(YOUR ASSIGNMENT)
Your job with the data below is to output exactly the lines from the one holding "고용서비스 참여 의무를 부과" down to the one holding "排名靠前的省级政府分别为:北", both included, and no others.

(INPUT FOR THIS TASK Opens)

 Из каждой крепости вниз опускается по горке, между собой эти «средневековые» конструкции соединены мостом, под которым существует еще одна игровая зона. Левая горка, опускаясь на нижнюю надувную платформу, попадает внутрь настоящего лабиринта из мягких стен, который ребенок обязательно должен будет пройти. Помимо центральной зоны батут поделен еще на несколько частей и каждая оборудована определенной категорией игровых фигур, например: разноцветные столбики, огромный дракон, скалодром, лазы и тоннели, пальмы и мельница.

(INPUT FOR THIS TASK Closes)
(INPUT FOR THIS TASK Opens)

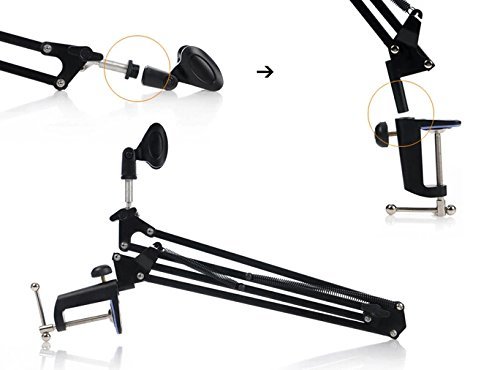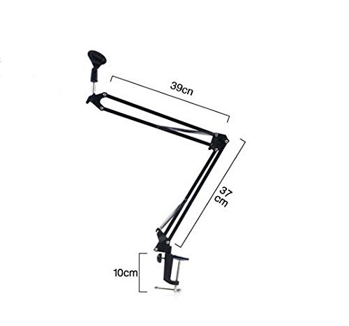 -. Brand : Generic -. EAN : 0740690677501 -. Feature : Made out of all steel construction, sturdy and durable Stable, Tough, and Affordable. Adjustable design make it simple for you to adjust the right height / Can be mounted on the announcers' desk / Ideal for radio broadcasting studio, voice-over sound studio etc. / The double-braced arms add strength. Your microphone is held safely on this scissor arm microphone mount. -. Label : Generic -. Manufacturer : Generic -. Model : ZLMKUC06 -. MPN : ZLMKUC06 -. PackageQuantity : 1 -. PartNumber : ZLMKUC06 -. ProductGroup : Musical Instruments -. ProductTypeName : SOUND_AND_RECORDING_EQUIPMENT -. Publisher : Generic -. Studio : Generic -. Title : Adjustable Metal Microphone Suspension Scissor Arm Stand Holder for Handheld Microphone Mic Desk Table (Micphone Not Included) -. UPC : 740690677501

(INPUT FOR THIS TASK Closes)
(INPUT FOR THIS TASK Opens)

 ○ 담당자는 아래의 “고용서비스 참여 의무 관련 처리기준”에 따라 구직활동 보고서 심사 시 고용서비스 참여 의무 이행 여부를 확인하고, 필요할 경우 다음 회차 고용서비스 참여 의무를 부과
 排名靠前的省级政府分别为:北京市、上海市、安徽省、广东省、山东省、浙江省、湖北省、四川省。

(INPUT FOR THIS TASK Closes)

(RESULT OF THE TASK)
 ○ 담당자는 아래의 “고용서비스 참여 의무 관련 처리기준”에 따라 구직활동 보고서 심사 시 고용서비스 참여 의무 이행 여부를 확인하고, 필요할 경우 다음 회차 고용서비스 참여 의무를 부과
 排名靠前的省级政府分别为:北京市、上海市、安徽省、广东省、山东省、浙江省、湖北省、四川省。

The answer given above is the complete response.